The increased barite solubility in concentrated NaCl solutions is a result of “salting in”. No complex formation is taking place. “Salting in” is a common phenomenon in electrolyte solutions, whereby the solubility of one salt increases due to the presence of another salt.
The phenomenon of a maximum solubility of BaSO4 is not unusual either. All sulfates seem to have a maximum solubility at some temperature. At temperatures higher than this maximm solubility temperature, the solubility decreases and usually becomes very low near the critical temperature of water. At the critical temperature of water, the relative permittivity (dielectric constant) of liquid water is very low causing the electrostatic forces between ions to increase.
The concentration unit for BaSO4 used in the figure with NaCl brines is mmol/kg water, while it is ppm on mass basis in the two figures above. The presence of NaCl in the phase diagram to the left contributes to the total mass of the solution and the ppm values would therefore not be comparable to the ppm values above.
The solubility of carbonates is influenced by the same factors as mentioned above for barite.
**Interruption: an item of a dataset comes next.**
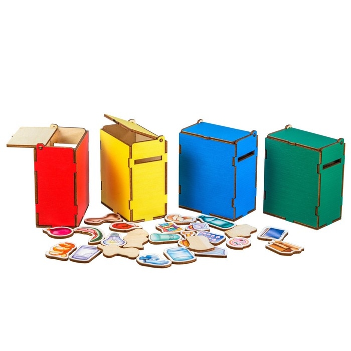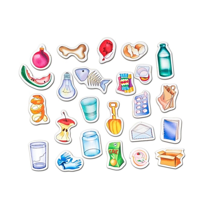 - Предложите ребёнку правильно распределить мусор по контейнерам: в красный контейнер — изделия из пластика, в зелёный — органические продукты, в жёлтый — всё, что изготовлено из бумаги, в синий — стеклянные предметы. Просите при этом объяснять свой выбор: называть материал, из которого сделан предмет.
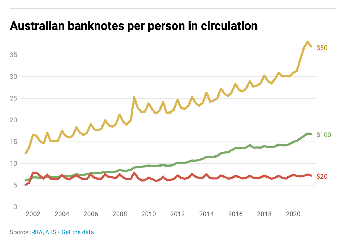 Whereas in much of the rest of the world the use of cash is shrinking, in Australia there are more banknotes in circulation as a proportion of the economy than at any time since the introduction of decimal currency in 1966.

In addition, the solubility of carbonates is strongly dependent on the partial pressure of CO2. If the partial pressure of CO2 is reduced, the pH and the concentration of carbonate ions tend to increase, causing carbonates to precipitate. Similarly, sulfide solubility is dependent on the partial pressure of H2S.
In the figure, the solubility of CaCO3 is plotted against the partial pressure of CO2 plus the partial pressure of water. While the solubility of CaCO3 is approximately 18 ppm at 100°C at atmospheric pressure, it increases rapidly in the presence of CO2. The solubility of CaCO3 at 100°C and 70 bar total pressure (partial pressure of CO2 + partial pressure of water) is 1150 ppm! Software for scale calculation under high pressure is very important for predicting such solubility development. During oil production, the CO2 pressure is eventually lowered, resulting in the evaporation of CO2 and a corresponding decrease in the solubility of calcite and other carbonates. This decrease of solubility means precipitation of carbonates.
Besides the CO2 partial pressure, the solubility of CaCO3 is also influenced by the total pressure impacting the solution. This is illustrated in the last figure. The solubility of CaCO3 is apparently slightly increasing at increasing total pressure.